Records from a data source:
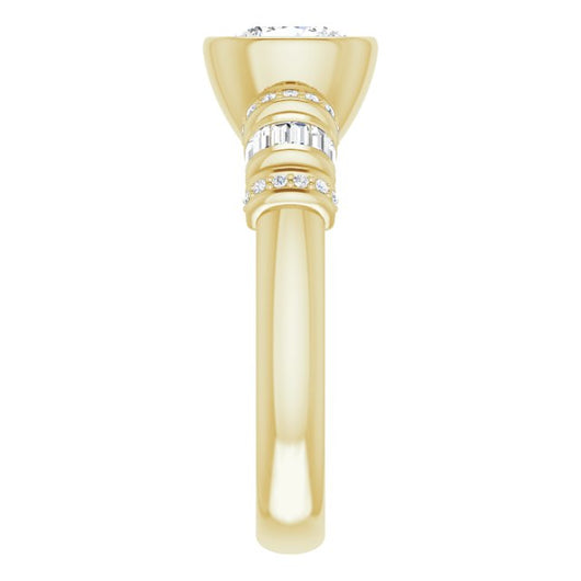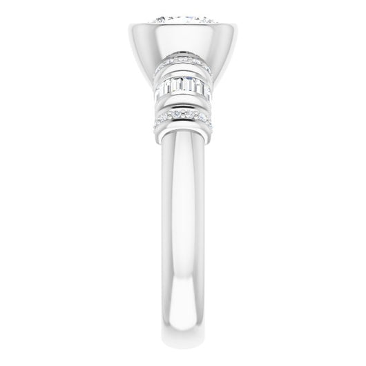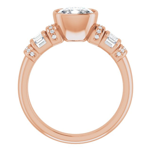 * Your ring’s total carat weight (TCW), band width, weight in grams, and/or number and size of accent, pavé, or halo stones will vary up or down depending on your choice of customizable center stone shape and size, precious metal type, and finger ring size via the drop-down options provided.
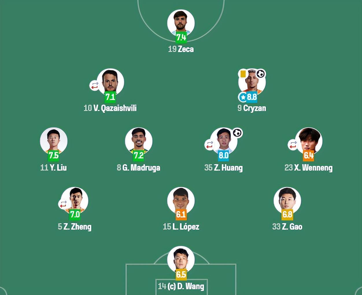 紧随克雷桑之后的是黄政宇,这位防守型中场在本场比赛中同样表现出色。他不仅两次射正球门,与克雷桑并列全场最高,传球成功率更是高达95%,3次长传均精准找到队友。在中后场,他3次解围和1次拦截,有效完成了防守任务。全场评分8.0分,成为泰山队内第二高分。此外,泰山队还有5名球员评分在7.0到8.0之间,分别是泽卡(7.4)、卡扎伊什维利(7.1)、刘洋(7.5)、马德鲁加(7.2)和郑铮(7.0)。
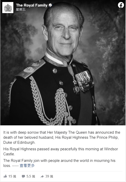 菲立普親王原本將在六月迎接百歲生日,作為英國女王的丈夫,他是60多年的英國君主代言人之一,是陪伴英國君主時間最長的配偶,不過他在2017年退休,屆時不再負責出席王室公眾活動的職責。
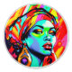 En häpnadsväckande popkonst porträtt av en självsäker kvinna i ett dynamiskt, mönstrat hörlslag och fet örhängen. Den här Afrocentriska konsten exploderar med färg, stil och personlighet - blandning av kulturuttryck med modern digital konst. Perfekt för mode älskare, påstående-dekanor och contemporary konstentusiaster. Perfekt för väggkonst, kläder och reservtillbehör.
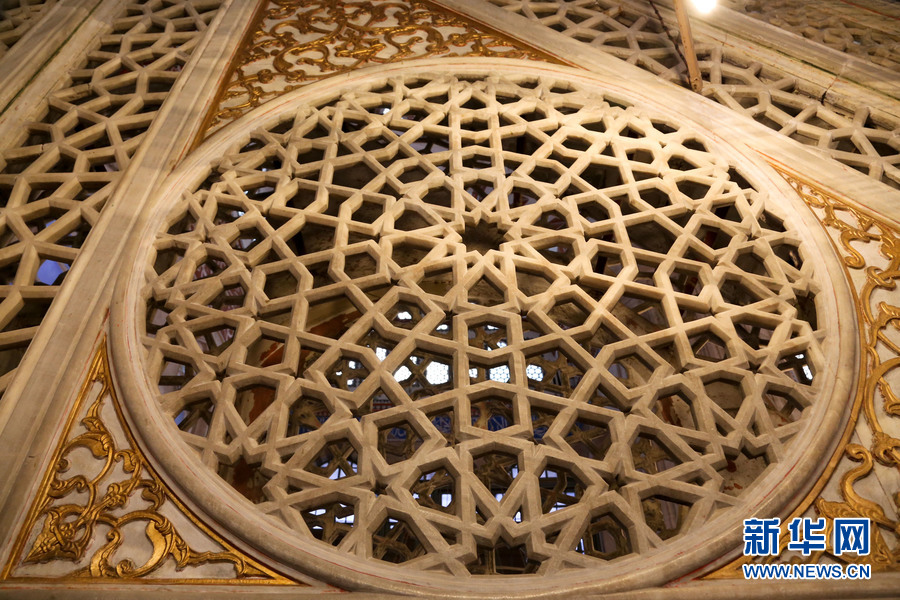 图为清真寺内最令人惊叹的手工镂空雕刻。
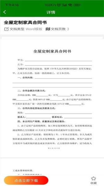 合同模板是专门为用户打造的电子合同软件。在这里你可以看到很多常用的法律文档,并且可以在线下载阅读了解各种相关知识内容哦!而且还支持进行一键收藏和分享操作哟!
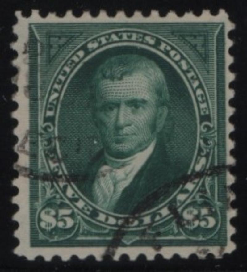 278 F-VF $5 dark green Marshall, parcel cancel (Image)
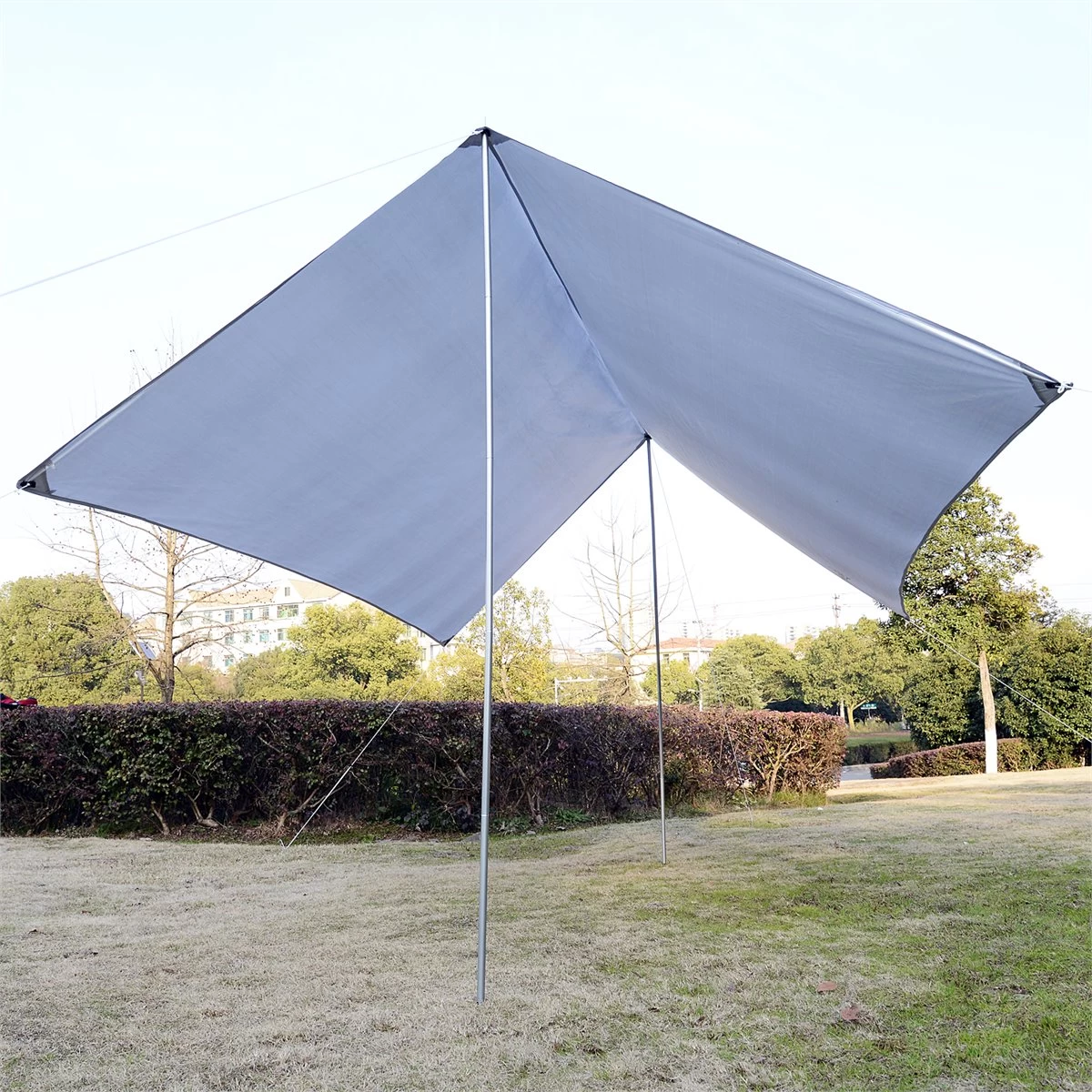 - – MULTIFUNCIONAL: Este toldo de tamaño grande sirve como carpa o tienda de campaña. Es ideal para camping, playa o cualquier espacio exterior. – MATERIAL IMPERMEABLE: Hecho de tela de poliéster impermeable con recubrimiento de PU, que le proporciona una óptima resistencia y protege de la lluvia y los rayos UV. – LIGERO Y PRÁCTICO: Peso ligero, fácil de transportar y de plegar para que ocupe poco espacio al guardarlo. Gracias a sus materiales de alta calidad es una opción perfecta para usar al aire libre. – INSTALACIÓN SENCILLA: Fácil de montar, viene equipado con 2 barras de acero, 8 clavijas de tierra y 8 cuerdas de sujeción. Es resistente al viento y todo tipo de clima. – Las costuras disponen de unos perfectos acabados, los ángulos están cubiertos con un refuerzo y disponen de agujeros de drenaje. Dimensiones totales: 3×3 m (LxAN, altura de barras: 2 m, longitud de cuerdas de sujeción: 2.5m.

◆ EXERCISE DESCRIPTION ◆
Output exactly those lines of the data above that run from the line with "图为清真寺内最令人惊叹的手工镂空雕刻。" up to and including the line with "278 F-VF $5". No pictures go in.

◆ RESPONSE ◆
 图为清真寺内最令人惊叹的手工镂空雕刻。
 合同模板是专门为用户打造的电子合同软件。在这里你可以看到很多常用的法律文档,并且可以在线下载阅读了解各种相关知识内容哦!而且还支持进行一键收藏和分享操作哟!
 278 F-VF $5 dark green Marshall, parcel cancel (Image)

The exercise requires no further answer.